Diversity is also found in China’s unique retail distribution structure. Prestige and luxury brands sell through specialty counters on the first and second floors of malls and malllike department stores. They’re also carried by Sephora, which launched in April 2005 and to date remains the only high-end specialty beauty store. Sephora currently has 40 doors in 13 cities, and is looking to expand at a rate of 30 more a year. The other specialty personal care chain is Watsons, which sells prestige and mass brands and is owned by Hong Kong’s Hutchinson Whampoa Group.
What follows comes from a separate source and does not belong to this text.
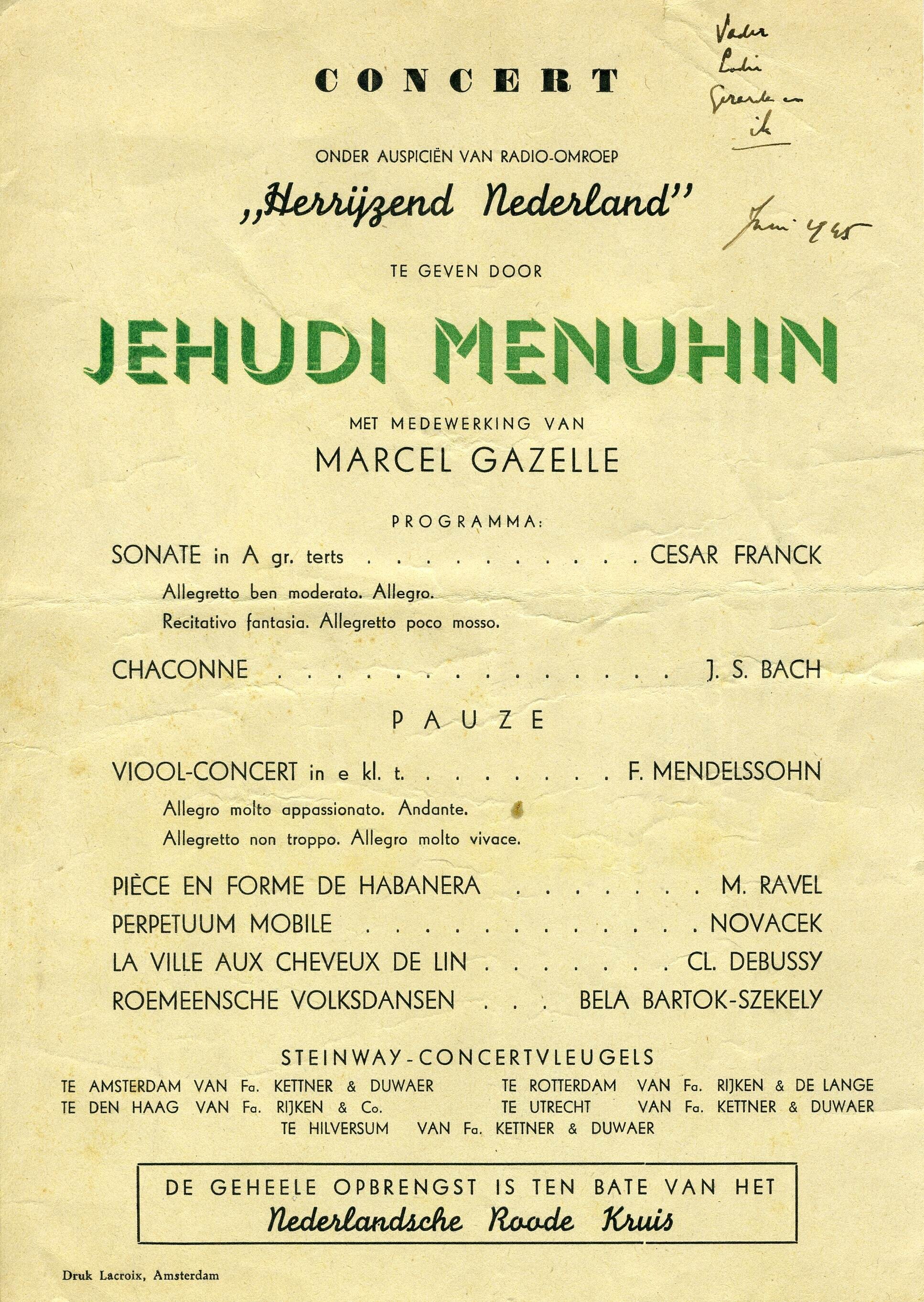 Een aankondiging voor een "Concert onder auspiciën van radio-omroep "Herrijzend Nederland" te geven door Jehudi Menuhin", waarvan de opbrengst ten goede komt van het Nederlandse Rode Kruis.
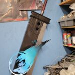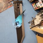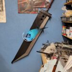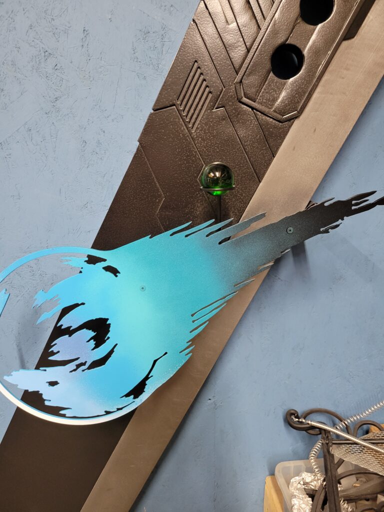 It is approximately 48″ long x 11″ wide with the FFVII meteor logo mounted on the front and held in place by 2 screws. A spare materia holder is also mounted just above the logo. Still tweaking a few of the dimensional aspects.

Mass products sell through grocery and convenience stores and hypermarkets. Monobrand boutiques have begun to appear, too, such as The Face Shop from South Korea and Herborist by domestic conglomerate Jahwa, as well as L’Oréal’s Maybelline New York and Lancôme brands, but they remain few.
Although issues like human resources and regional disparities aren’t easily solved, continued growth for China’s beauty sector is universally forecast. The only constant, it seems, is change. “The challenge of operating in China is China, in all its diversity, complexity and fast-moving [pace],” says Gasparrini. “China is different from every other country in the world. Experience elsewhere in the world we cannot use here. China is China, and it requires a lot of diversity to understand.”